Par réponse du 3 novembre 2022, la BNP a rejeté la demande de remboursement des opérations de paiement contestées par Madame [V], au motif que celle-ci les avait validées par le dispositif d’authentification forte approprié, au moyen d’une clé digitale.

Par courrier du 29 novembre 2022, la MAIF, assureur de protection juridique de Madame [V], a mis en demeure la BNP de restituer à sa sociétaire la même somme, sinon celle excédant le plafond de 4.500 euros, soit la somme de 9.310 euros, dans la mesure où ce plafond a été modifié sans autorisation, information ou authentification forte à la charge de la BNP.

Le 26 avril 2023, le médiateur de la Fédération bancaire française a retenu un partage de responsabilité entre la BNP et Madame [V], recommandant une indemnisation partielle de celle-ci par celle-là.

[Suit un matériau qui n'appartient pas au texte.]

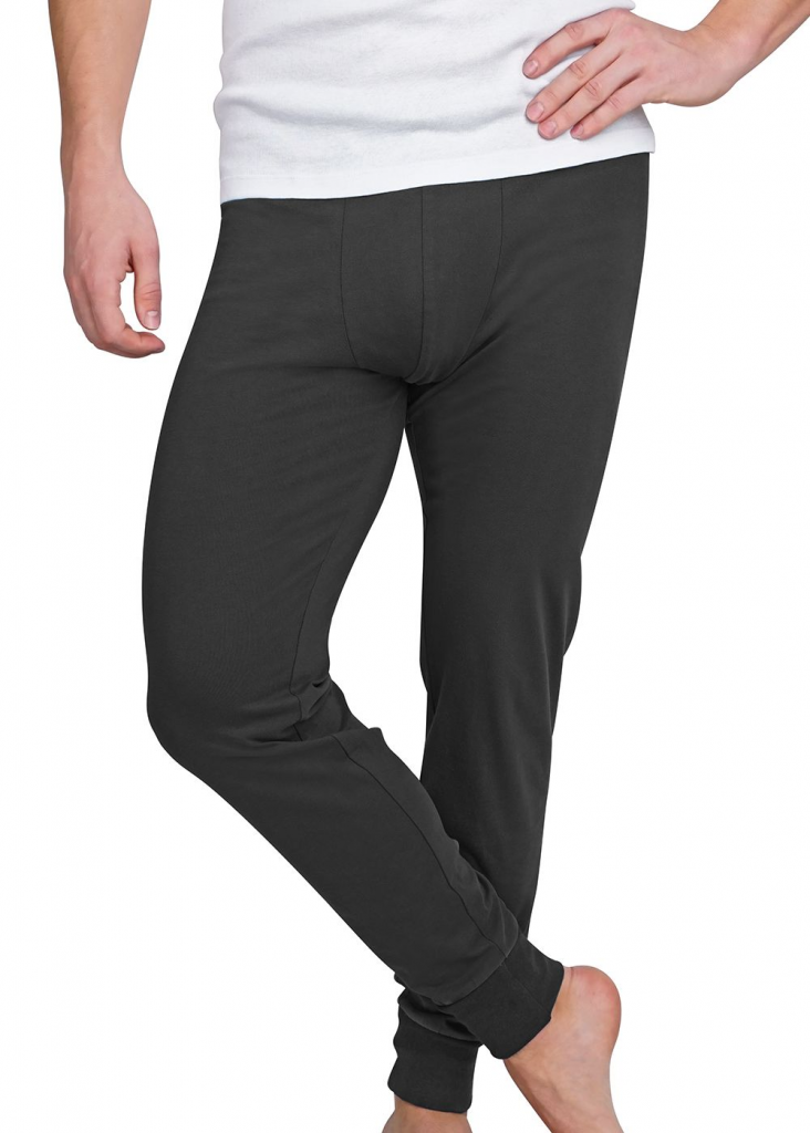 Мужские хлопковые кальсоны свободной посадки с нефункциональным гульфиком, на внутренней резинке и манжетами по низу.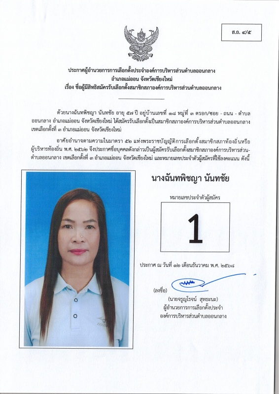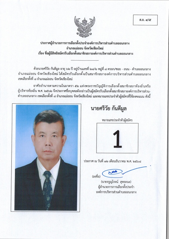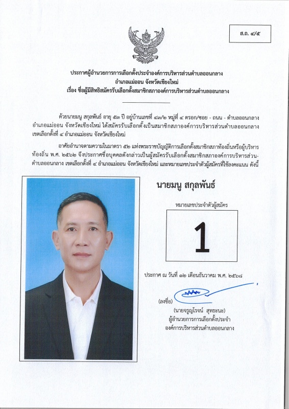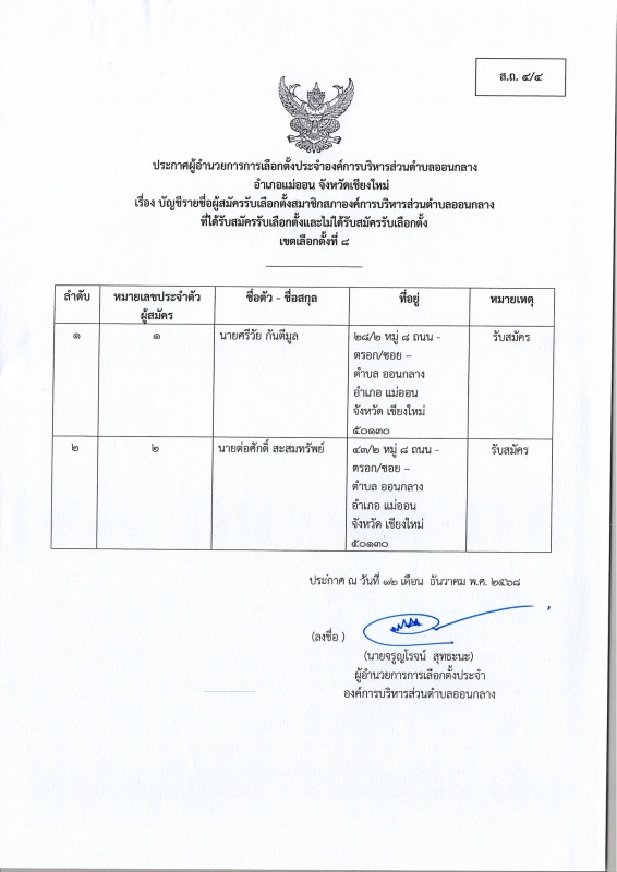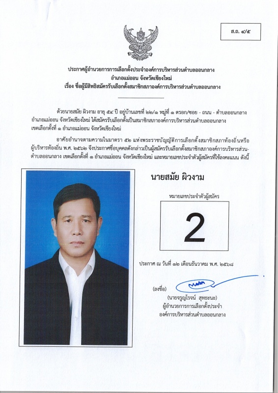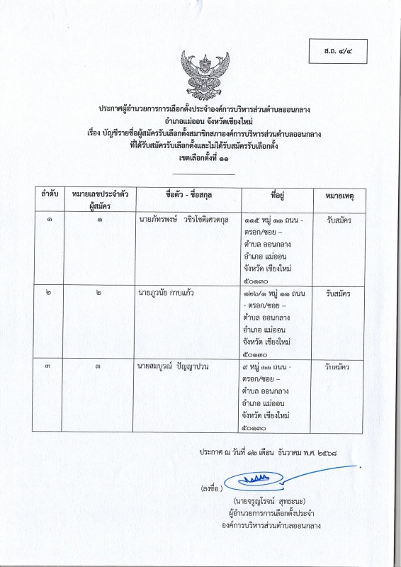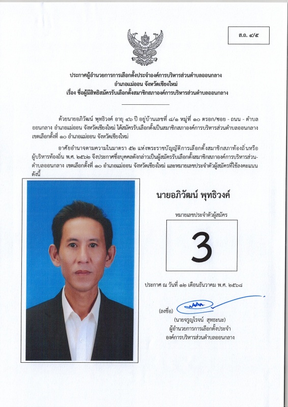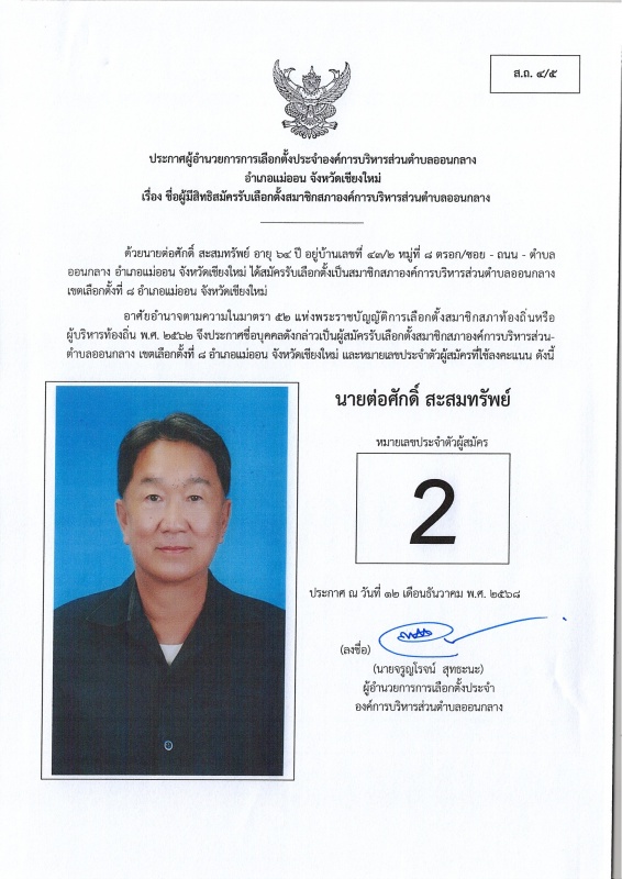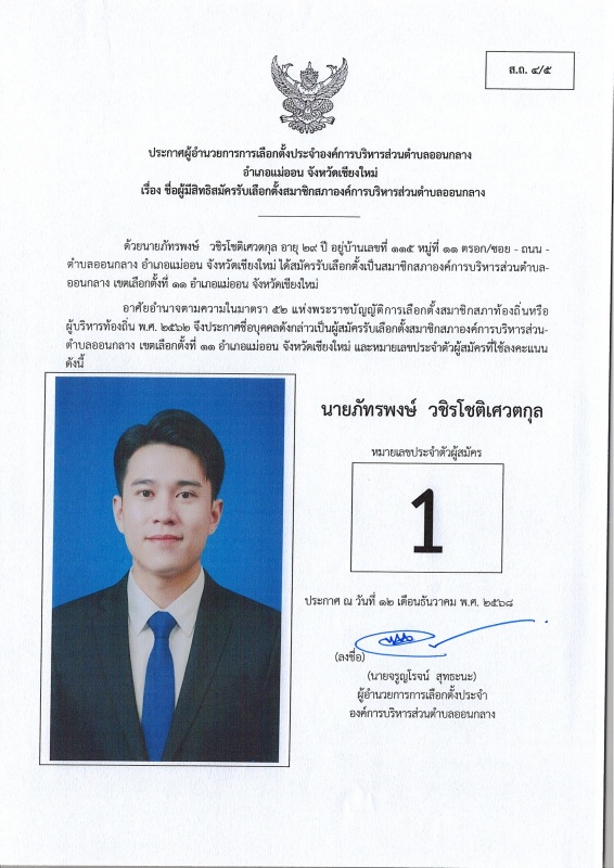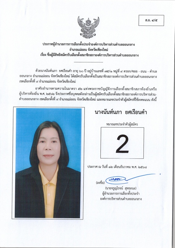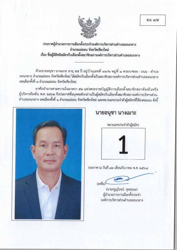 ประกาศชื่อผู้มีสิทธิสมัครรับเลือกตั้งฯ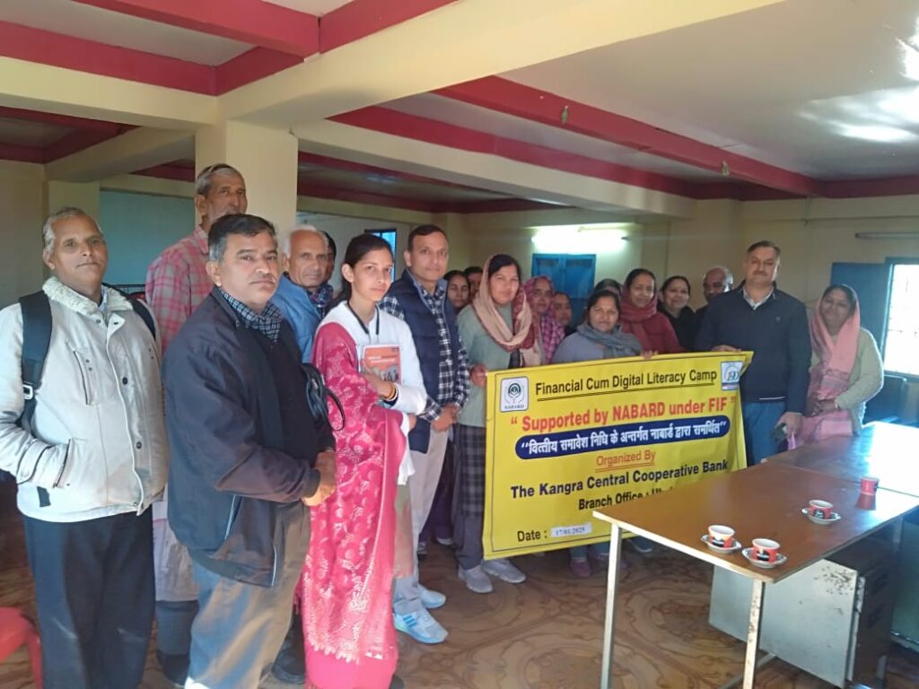 हमीरपुर । कांगड़ा केंद्रीय सहकारी बैंक की उहल शाखा ने नाबार्ड के सहयोग से गांव उहल में वित्तीय साक्षरता शिविर आयोजित किया। इस शिविर में शाखा प्रबंधक रजनीश ठाकुर और संजीव कुमार ने ग्रामीणों को किसान क्रेडिट कार्ड, स्वरोजगार ऋण, वाहन ऋण, गृह निर्माण ऋण, पीएम फसल बीमा योजना, पीएम सुरक्षा बीमा योजना, पीएम जीवन […]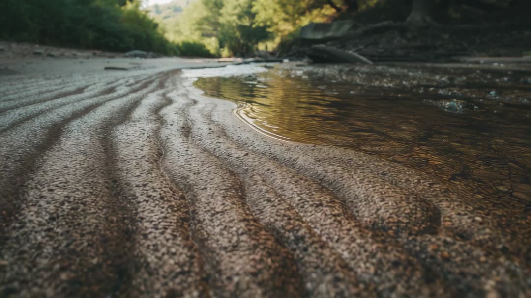 AI Generated Image. Video capturing low-angle close-up of rippled wet sand along shallow creek, revealing delicate sand ridges, pebbles, and gentle water movement. Camera panning slowly while sunlight reflects on water surface, producing warm golden highlights and glossy textures. Footage serving for background loops in website hero, social media headers, meditation apps, nature documentaries, and environmental campaigns. Suggested uses including slow loop with subtle crossfade, ambient water sound or soft ambient music, and color grading to boost warm tones and emphasize sand texture. Useful for B-roll in travel and outdoor storytelling, educational content about erosion and stream ecology, wellness marketing, and calming visual meditations.

C’est dans ce contexte que par acte du 25 mai 2023, Madame [V] a fait assigner la BNP en recherche de la responsabilité de cet établissement et, aux termes de ses dernières écritures signifiées le 12 février 2024, demande à ce tribunal, au visa des articles L.133-16, L.133-17, L.133-19 et L.133-23 du code monétaire et financier, 1240 du code civil, 514 du code de procédure civile, de : - la déclarer recevable et bien fondée en l’ensemble de ses demandes ; Et, y faisant droit : - À titre principal, condamner la société BNP Paribas à lui restituer la somme de 13.810 euros ; - À titre subsidiaire, condamner la société BNP Paribas à lui restituer la somme de 9.310 euros ; En tout état de cause, - condamner la société BNP Paribas à lui verser la somme de 2.000 euros à titre de dommages et intérêts pour résistance abusive ; - condamner la société BNP Paribas aux entiers dépens ainsi qu’à lui verser la somme de 3.000 euros au titre de l’article 700 du code de procédure civile ; - rappeler que l’exécution provisoire est de droit.

Par dernières écritures signifiées le 29 novembre 2023, la BNP demande à ce tribunal de : - débouter Madame [V] de l’intégralité de ses demandes à toutes fins qu’elles comportent ; - condamner Madame [V] à lui verser la somme de 2.000 euros au titre de l’article 700 du code de procédure civile ainsi qu’aux entiers dépens.

La clôture a été prononcée le 3 mai 2024, l’affaire étant appelée à l’audience du 7 juin 2024 et mise en délibéré au 5 juillet 2024.

Il est fait expressément référence aux pièces du dossier et aux écritures déposées et visées ci-dessus pour un plus ample exposé des faits de la cause et des prétentions des parties, conformément aux dispositions de l’article 455 du code de procédure civile.